К пленным приставлены были два вахмана и местный батрак, щуплый, рыжеусый, в синей форме пожарника, с винтовкой и штыком на боку.

Старший вахман, фарфорово-пошловатый красавчик унтер Хельмут, который после ранения нагуливал здесь жирок и удачливо волочился за солдатками, чуть не каждый день был под мухой и о команде мало думал, положившись на второго вахмана. Любил только зайти иной раз в барак и прицепиться к лупоглазому тихому парню со странной фамилией Кенць. Цеплялся унтер от избытка остроумия. Станет перед этим тихоней, уставится грозно и считает:

— Айн, цвай, три, штыре, пентш — Кентш!

И хохочет прямо-таки по-детски, довольный жизнью и самим собой.

Второй вахман, толстенький, суетливый ефрейтор Глянцпапир, до мобилизации торговавший яйцами, тявкал по-бабьи тоненько, много и злобно.

А старый рыжеусый пожарник очень любил рассказывать пленным, стоя при них где-нибудь в поле или у кучи компоста, что он не просто однофамилец, но и близкий родич — один раз племянник, другой раз внук — знаменитого Эрнста Морица Арндта, «поэта, не имеющего себе равных». И еще: что во время прошлой войны сам он, обер-ефрейтор Ганс Оскар Арндт, был в русском плену. Но, как и надлежит немецкому солдату, пробыл он там, в ферфлюхте Сибирьен, всего шесть дней. Научился русскому языку, зарезал казака-часового, переоделся в его платье и удрал. Подробности этой истории менялись, обрастали новыми колоритными штрихами каждый день, однако главное оставалось неизменным: «зекс таген им ганцен» — шесть дней на все про все, и на дорогу в Сибирь и назад, и на изучение языка, которым он теперь, кстати, пользовался весьма скупо, только разозлившись, — подгоняя русским матом своих слушателей, чтоб лучше работали, или когда они смеялись над его россказнями.

Все эти три карабина и шесть патронташей были в подчинении не столько у лагерной комендатуры, сколько у эконома Штундера.

Был, правда, и помещик, потомственный владелец имения, безногий кайзеровский офицер фон Леппер. Говорили, что до недавнего времени он сам здесь хозяйствовал, но малоуспешно, и согласно каким-то там законам «национал-социализма» помещику определили соответствующий оклад, а поместьем стало распоряжаться государство, от имени которого и действовал герр Штундер.

Каким хозяином был эконом, пленных интересовало меньше всего, а вот что управляющий он крутой да злобный, они узнали очень скоро.
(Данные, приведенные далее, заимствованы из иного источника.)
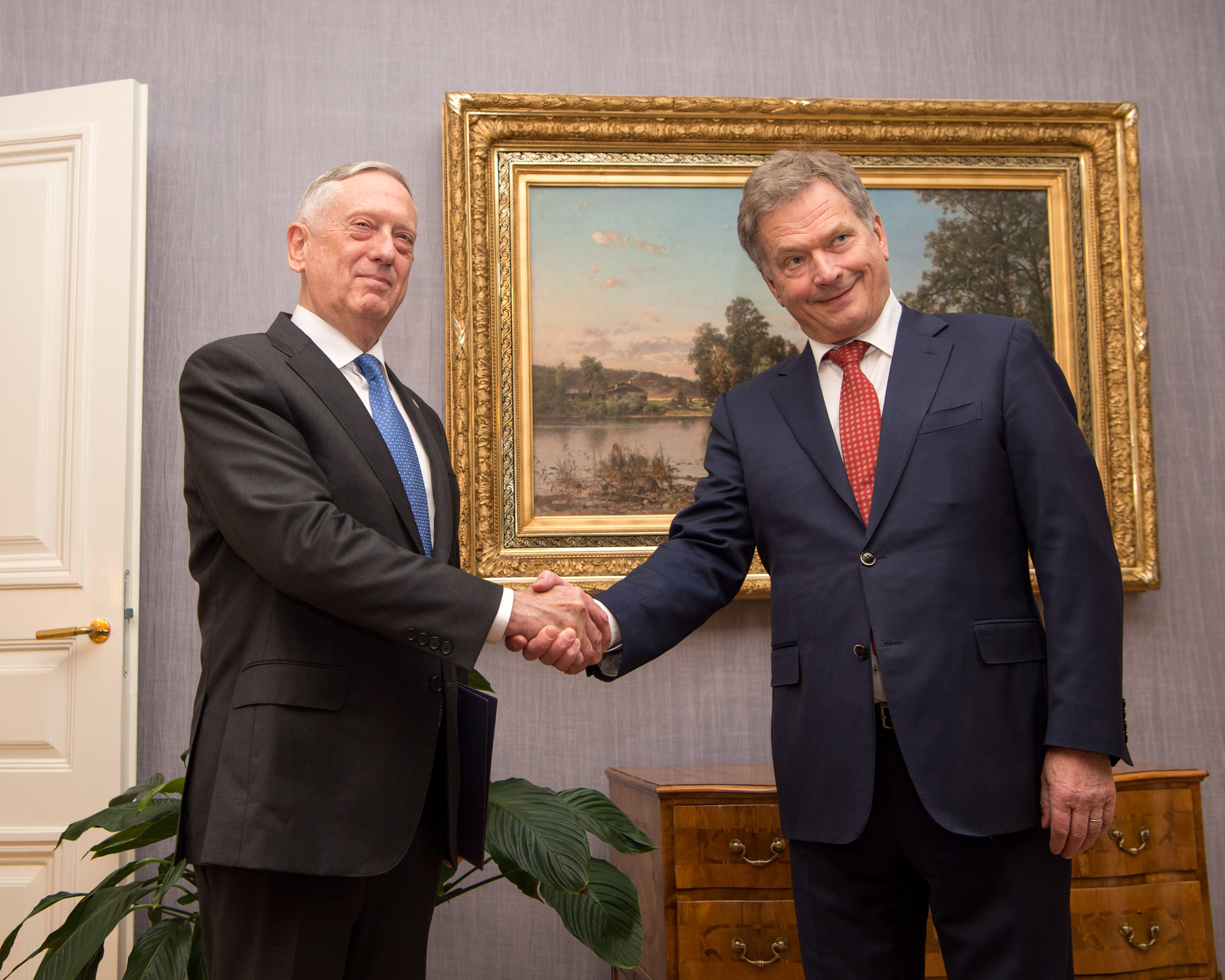 Secretary of Defense Jim Mattis meets with Finland's President Sauli Niinistö at the Presidential Palace in Helsinki, Finland, Nov. 6, 2017. (DOD photo by U.S. Air Force Staff Sgt. Jette Carr)

До того хлопцам довелось побывать в разных командах, — у отдельных бауэров, в имениях, на фабриках, в лагере, — харчились из разных котлов, но такого издевательства с едой еще не видели.

На их протесты ни вахманы, ни Штундер не обращали внимания.

Тогда команда не вышла на работу.

Унтер Хельмут совсем неожиданно стал на сторону пленных.

— Они тоже солдаты, — сказал он Штундеру здесь же, у дверей сарая, — они много работают, и они должны, бесспорно, gut fressen[3].

Эконом уступил, бурда погустела, прибавили немного хлеба, появилась кое-какая приправа. Но ненадолго. Тем более что унтера вскоре отозвали в шталаг.

Хозяйственный Штундер пустил в котел больного хрячка, вонючее мясо которого настолько портило баланду, что даже с голодухи невозможно было терпеть.

Тогда команда снова взбунтовалась.

— Не выйдем на работу и есть не станем, пока не вызовете из лагеря комиссию…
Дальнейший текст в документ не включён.